Валентина ударила его сильнее; тогда он, извиняясь, лег, подполз к ее ногам и замер, заискивающе помахивая хвостом. Она посмотрела на его виноватую морду, и туфля выпала из ее рук.
Ветлугин улыбался, глядя на забавную сцену, а Валентина стояла, вся красная, кусая губы: точно такое виноватое выражение было прошлый раз у Андрея! «Как собака!.. Как побитая собака!» Гневные слезы выступили на ее глазах.
Значит, не было у него никакой любви!
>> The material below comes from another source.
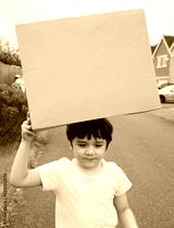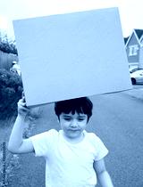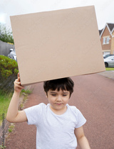 Portrait active Kid putting cardboard box on his head, Happy child boy playing outdoor holding brown paper box and walking on the road. Concept for DIY or Recyling toys idea for kids
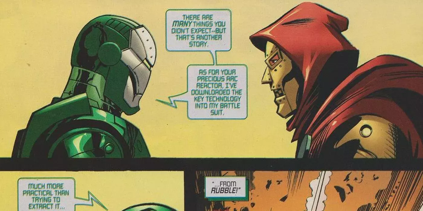 Doom crea armas cada vez más mortíferas en Industrias Stark, mientras que un empobrecido Tony Stark se ve obligado a construir un nuevo imperio tecnológico desde cero. Esto lleva a los dos hombres a entrar en guerra, primero en los negocios y luego en las armaduras.

Как он сказал в лесу: «Если бы было „жаль“, то и охоты бы не было». Значит, ему не жаль меня… одна охота!
Женщина резко встряхнула головой и засмеялась, но так, что, не видя ее лица, можно было подумать о подавленном рыдании, и снова вернулась к столу.
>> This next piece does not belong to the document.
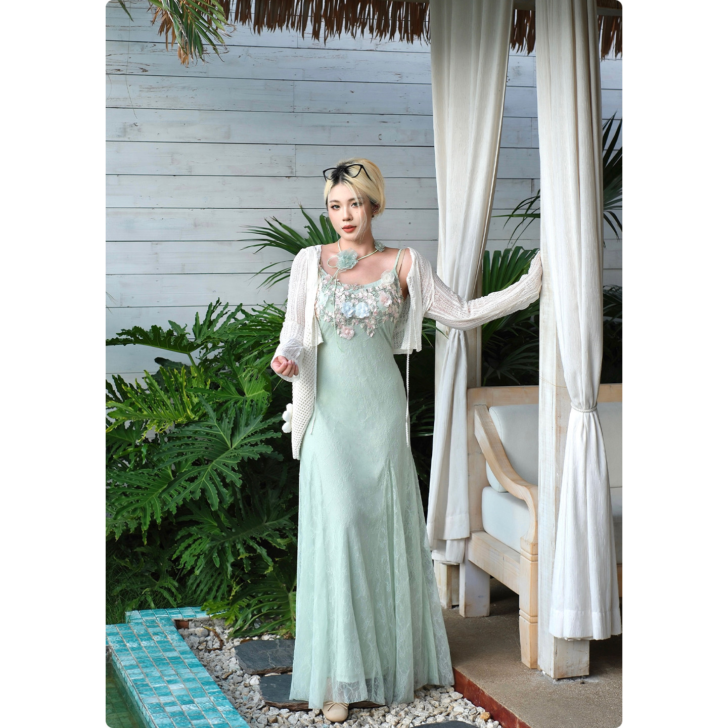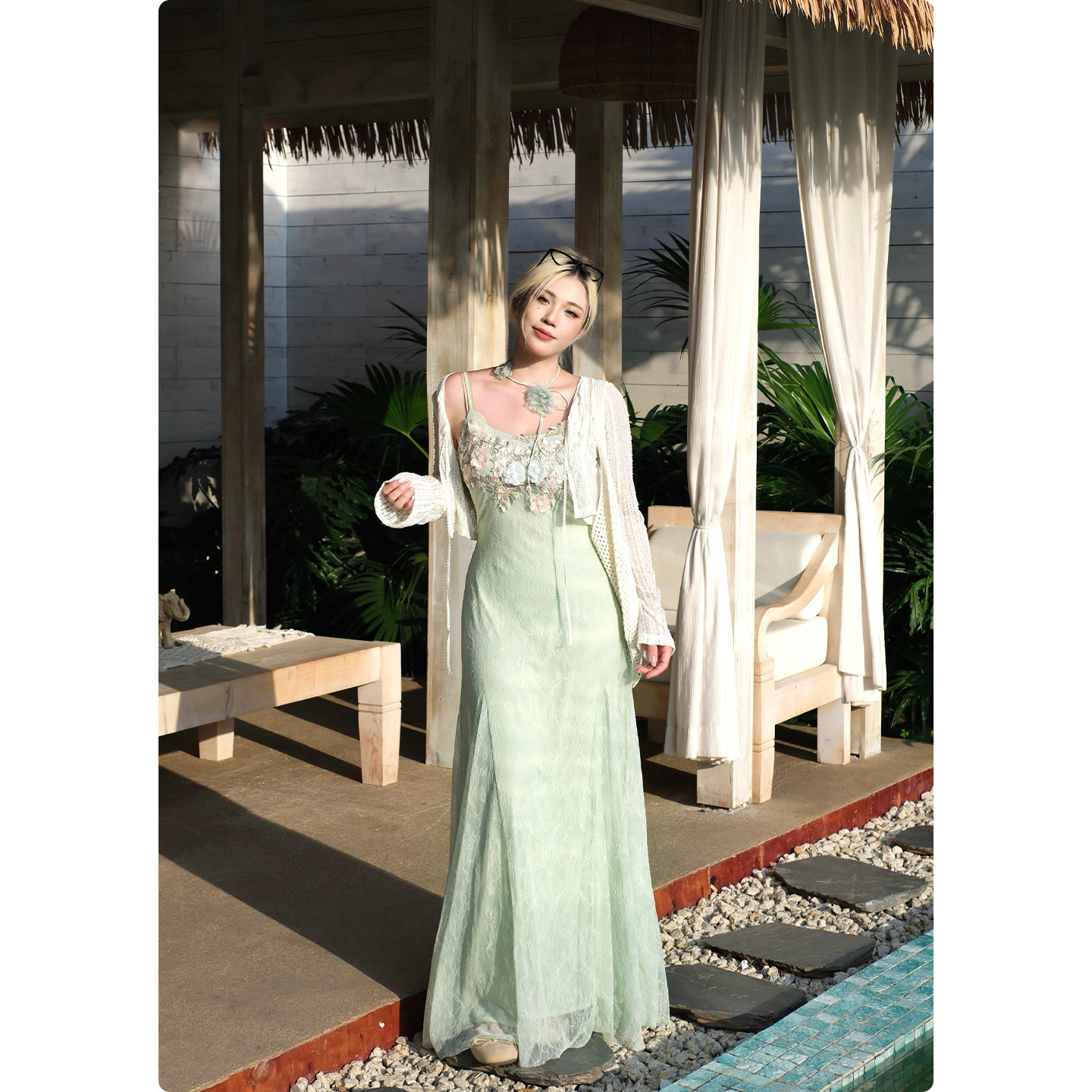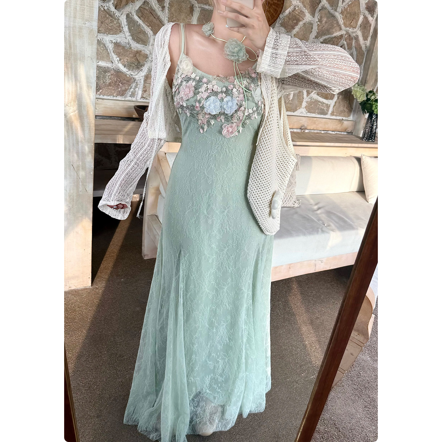 糯米子[绿境花灵]法式蕾丝吊带连衣裙女夏海边度假风微胖大码裙子

Она подняла свою рюмку, вгляделась в нее на свету.
– Давайте выпьем за нашу встречу, – сказала она. Скорбь смягчила ее звонкий голос, и он зазвучал подкупающе сердечно: – Вы слышите, как гудит за окном пурга? А когда мы встретились, стояла весна… Какая солнечная была нынче весна! Мы сидели в столовой у окна… Я спросила вас: «Кто вы?» И вы ответили: «Человек». – Валентина положила руку на плечо Ветлугина. – Слышите, как воет на чердаке ветер? Он шумит на крыше, будто хочет своротить ее с дома!.. Тогда все разлетится… и свет и тепло… В такую страшную ночь немыслимо быть одинокой!
* * *
Валентина проснулась от испуга: кто-то держал ее за руку. Да что же это? Она лежала раздетая, закрытая простыней и одеялом… и не одна… Повернула голову, готовая вскрикнуть от испуга, и не вскрикнула: возле ее узкой кровати, склонясь к ней на подушку, прикорнул Виктор Ветлугин.
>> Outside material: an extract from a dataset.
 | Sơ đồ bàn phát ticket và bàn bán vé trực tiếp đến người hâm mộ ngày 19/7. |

Серый рассвет вползал в комнату, но в полутьме Валентина сразу заметила, какое счастливое лицо у спавшего Ветлугина.
От ее резкого движения он открыл глаза и остановил на ней взгляд.
– Жизнь моя! – прошептал он тихо. – Радость моя!
Он был счастлив… Он был счастлив!!!
Валентина спрятала лицо в ладонях.
– Боже мой, что я наделала!
Отчаяние, прозвеневшее в ее голосе, хлестнуло Ветлугина. На сердце у него захолонуло. Желая что-то сказать, успокоить ее, он придвинулся, но она обеими руками оттолкнула его.
– Я вас ненавижу! Как смели вы… воспользоваться моей… слабостью!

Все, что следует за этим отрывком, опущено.